ACTIVITY: Everything below from the line with "매크로 제외 통합 문서로" through the line with "On one side" should be copied exactly, and nothing else; leave out the pictures.

DATA EXTRACT:
++++

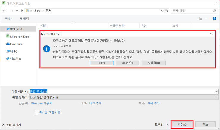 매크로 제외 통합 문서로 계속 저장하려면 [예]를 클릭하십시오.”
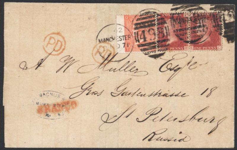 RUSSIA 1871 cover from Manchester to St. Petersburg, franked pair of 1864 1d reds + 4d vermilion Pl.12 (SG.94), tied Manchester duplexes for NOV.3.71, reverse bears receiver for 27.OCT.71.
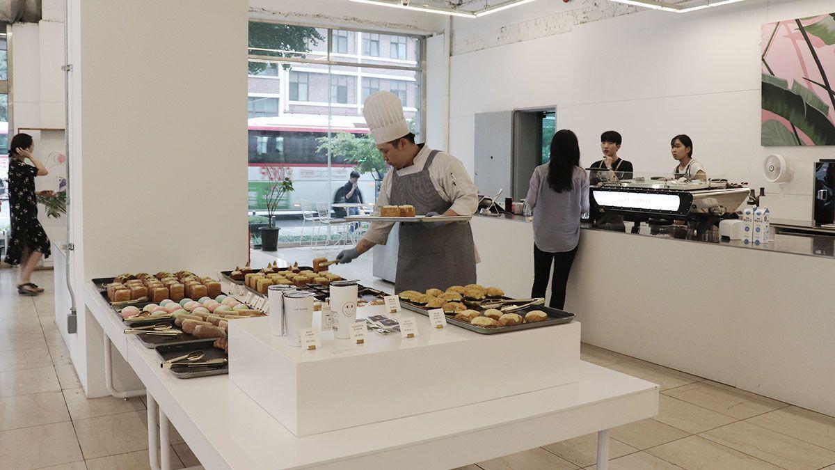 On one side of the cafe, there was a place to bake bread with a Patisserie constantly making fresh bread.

++++

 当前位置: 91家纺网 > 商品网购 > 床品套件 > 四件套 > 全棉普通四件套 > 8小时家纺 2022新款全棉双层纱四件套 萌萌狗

++++

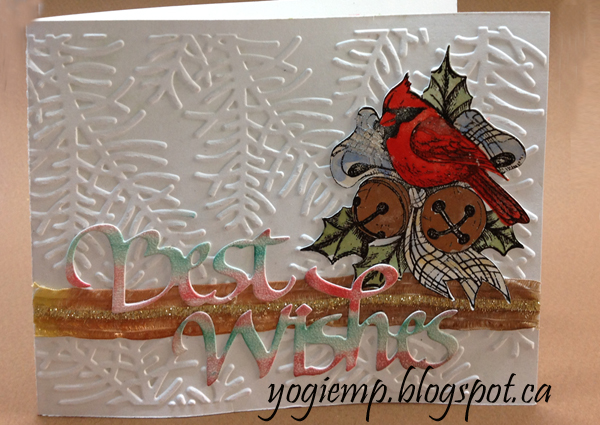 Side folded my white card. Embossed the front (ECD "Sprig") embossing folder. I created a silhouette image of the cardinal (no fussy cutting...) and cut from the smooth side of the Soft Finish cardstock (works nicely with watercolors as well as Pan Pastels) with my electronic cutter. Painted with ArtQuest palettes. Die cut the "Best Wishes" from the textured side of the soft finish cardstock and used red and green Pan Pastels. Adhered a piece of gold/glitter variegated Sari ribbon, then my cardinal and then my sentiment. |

++++

OUTPUT OF THE EXERCISE:
 매크로 제외 통합 문서로 계속 저장하려면 [예]를 클릭하십시오.”
 RUSSIA 1871 cover from Manchester to St. Petersburg, franked pair of 1864 1d reds + 4d vermilion Pl.12 (SG.94), tied Manchester duplexes for NOV.3.71, reverse bears receiver for 27.OCT.71.
 On one side of the cafe, there was a place to bake bread with a Patisserie constantly making fresh bread.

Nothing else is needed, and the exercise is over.